The octopus thus becomes a lens for us to reevaluate our own relationship to the other, in relation to the creature as well as through the creature to our wider environment. We are calling upon the octopus accordingly as a case study for the challenges of how we might relate to a nonhuman other, proposing that art, philosophy and aesthetics play a crucial role aside science to negotiate the difficult environmentally catastrophic territory every species finds itself confronted with today.

Influenced by recent suggestions that the octopus is an alternative evolutionary route to consciousness from humans, our guiding principle is to consider octopuses as subjects in their own rights while disrupting, and breaking up human-centered concepts of subjectivity. Thereby, we want to both probe the potential contribution of the arts to an interdisciplinary knowledge space as well as open up new, strange and unexpected perspectives on the octopus, inspired by its long and ambiguous presence in storytelling in the arts and cultural history. In developing new ways of storytelling in collaboration with octopuses, we thus hope to open up new responses to our environmentally troubled times.

The exhibition aims to make an innovative contribution to these explorations of the octopus by approaching the animal through the lens of the creative arts, thereby continuing the cultural historical interest in the animal while pairing it with contemporary insights.
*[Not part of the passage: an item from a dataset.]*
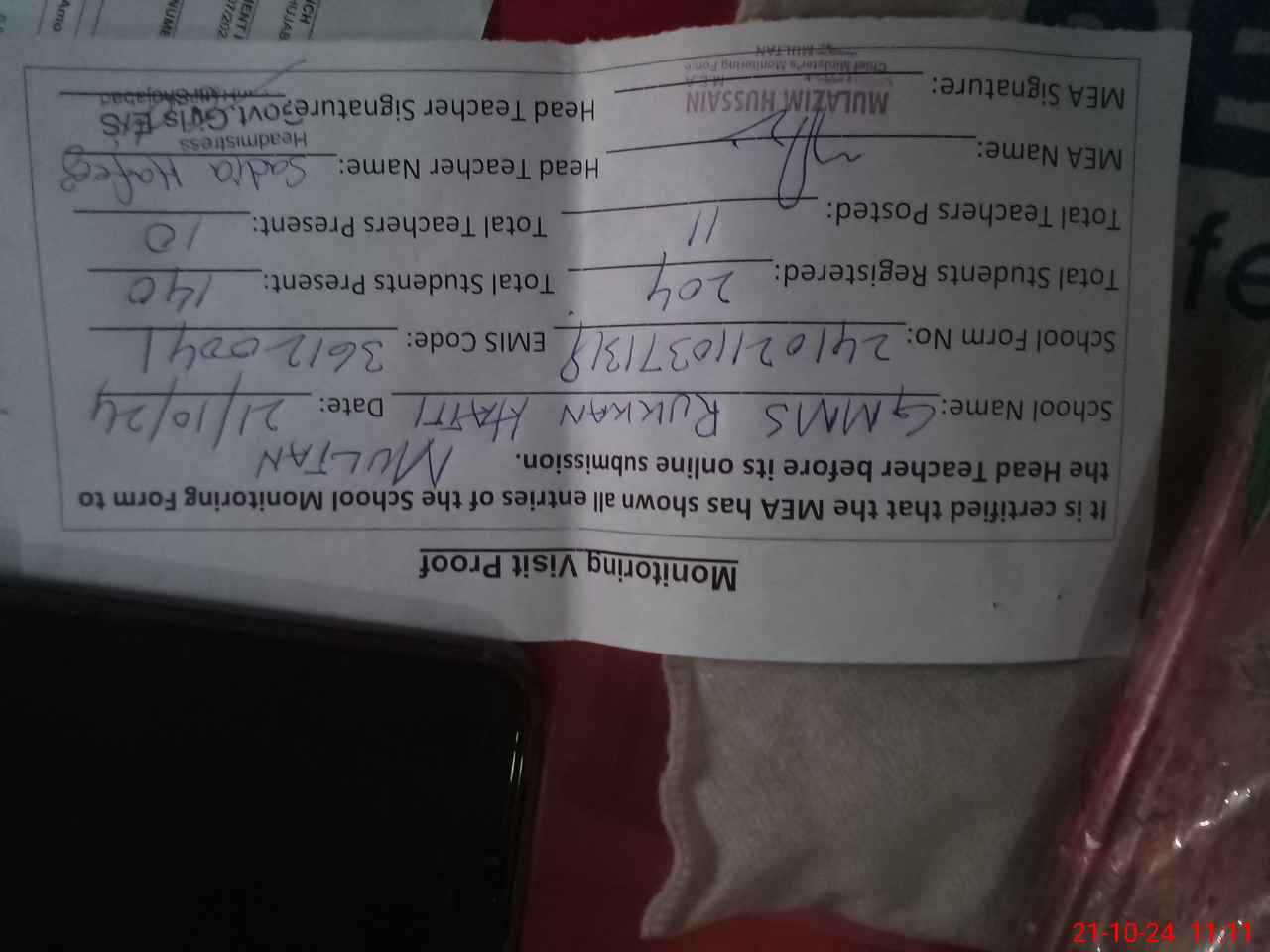| Name: SA**** HA**** Designation: (School Headmaster's/Headmistress's) HEADMISSTRESS Phone/Cell Number: 03**** |

We hope to not only contribute new approaches to studying animals, but also to test the boundaries of curatorial practices by exploring the process of curatorial and artistic production as a collaborative research approach and process in itself. The octopus serves in this as both primary subject-matter and model for interdisciplinary research, capturing and at the same time exploiting the alien complexity and plasticity of the organism and its form in manifold ways.